Below is the contraction dictionary I started to make to clean up the yelp reviews text. In addition to this, I will also be putting in common slang terms to clean them up. These are terms such as “u” for “you”, “r” for “are”, “n” for “and”, etc.

#Contraction dictionary to transform the contractions into their unconjugated form. 
contractions_dict = {
    "i'm": "i am",
    "didnt": "did not",
    "ive": "i have",
    "dont": "do not",
    "wasnt": "was not",
    "werent": "were not",
    "shouldnt": "should not",
    "wouldnt": "would not",
    "couldnt": "could not",
    "isnt": "is not",
    "arent": "are not",
    "hasnt": "has not",
    "havent": "have not",
    "hadnt": "had not",
    "wont": "will not",
    "youre": "you are",
    "theyre": "they are",
    "youve": "you have",
    "theyve": "they have",
    "weve": "we have",
    "itll": "it will",
    "u": "you",
    "ur": "your",
    "r": "are",
    "im": "i am",
    "thats": "that is",
    "whats": "what is",
    "lets": "let us",
    "n": "and", 
    "doesnt": "does not",
    "cant": "can not",
    "couldve": "could have",
    "shouldve": "should have",
    "wouldve": "would have",
    "mustve": "must have",
    "youll": "you will",
    "theyll": "they will",
    "1" : "one", 
    "2": "two",
    "3": "three",
    "4": "four",
    "5": "five",
    "10": "ten"
}

yelp["text_list_tokens"] = yelp["text_list"].apply(lambda x: word_tokenize(x))

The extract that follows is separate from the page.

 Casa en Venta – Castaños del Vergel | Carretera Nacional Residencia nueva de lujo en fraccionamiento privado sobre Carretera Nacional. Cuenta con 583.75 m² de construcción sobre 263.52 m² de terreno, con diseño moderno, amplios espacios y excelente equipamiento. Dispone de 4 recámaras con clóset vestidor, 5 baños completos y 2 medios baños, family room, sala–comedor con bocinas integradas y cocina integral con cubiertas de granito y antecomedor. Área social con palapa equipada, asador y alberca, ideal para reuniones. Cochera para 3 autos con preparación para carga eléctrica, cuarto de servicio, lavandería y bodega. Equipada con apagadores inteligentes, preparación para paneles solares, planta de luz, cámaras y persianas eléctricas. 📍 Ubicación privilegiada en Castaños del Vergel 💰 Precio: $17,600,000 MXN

yelp["text_list"] = yelp["text_list_tokens"].apply(lambda x:' '.join(contractions_dict[word] if word in contractions_dict else word for word in x))

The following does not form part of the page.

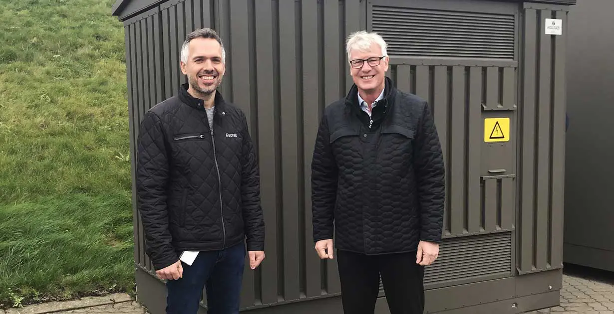 Elbolaget SE kommer att använda stationerna från Holtab när det danska elnätet ska byggas ut. Danska Evonet, som är SE:s elnätsbolag, berättar att de är nöjda över att samarbetet fortsätter. – Vi har utvecklat ett bra koncept för transformatorstationer där fokus ligger på plug- and playlösningar, livslängd och design. Holtab har ansträngt sig för att hitta lösningar som både klarar av ett tufft klimat och är användarvänliga för våra tekniker på fältet. Därför är vi glada för att fortsätta samarbetet, säger Søren Larsen som är koordinator på Evonet. På bilden ovan syns Søren Larsen som är koordinator på Evonet (t v) tillsammans med Holtabs Ebbe Klarskov (t h).

yelp["text_string"] = yelp["text_list"].apply(lambda x:''.join(x))
lemmatizer = WordNetLemmatizer()
yelp["text_string"]= yelp["text_string"].apply(lambda x: [lemmatizer.lemmatize(word, wordnet.VERB) for word in x.split()])

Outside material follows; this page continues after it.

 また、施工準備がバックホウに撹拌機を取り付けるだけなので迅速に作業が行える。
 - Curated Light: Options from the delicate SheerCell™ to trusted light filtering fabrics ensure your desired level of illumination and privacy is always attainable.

Based on some inital analysis, I decided to go in and add some additional stop words to the stop word list.

stop_words = set(stopwords.words("english"))
custom__stopwords = {'also', 'try','make', 'like', 'take', 'go', 'get', 'would','eat','two','always','next', 'door', 'last', 'night','right','still','one','first','use','second','new','three','love','ask','see','way','work','need', 'lot', 'better','find', 'great','little', 'say', 'food','best', 'us','give','pretty','back','couple','weeks','ago', 'know', 'truth','nice','come','could','make','order', 'time', 'even', 'though', 'much', 'got', 'place', 'think','go', 'really', 'well', 'look', 'want'}
stop_words.update(custom__stopwords)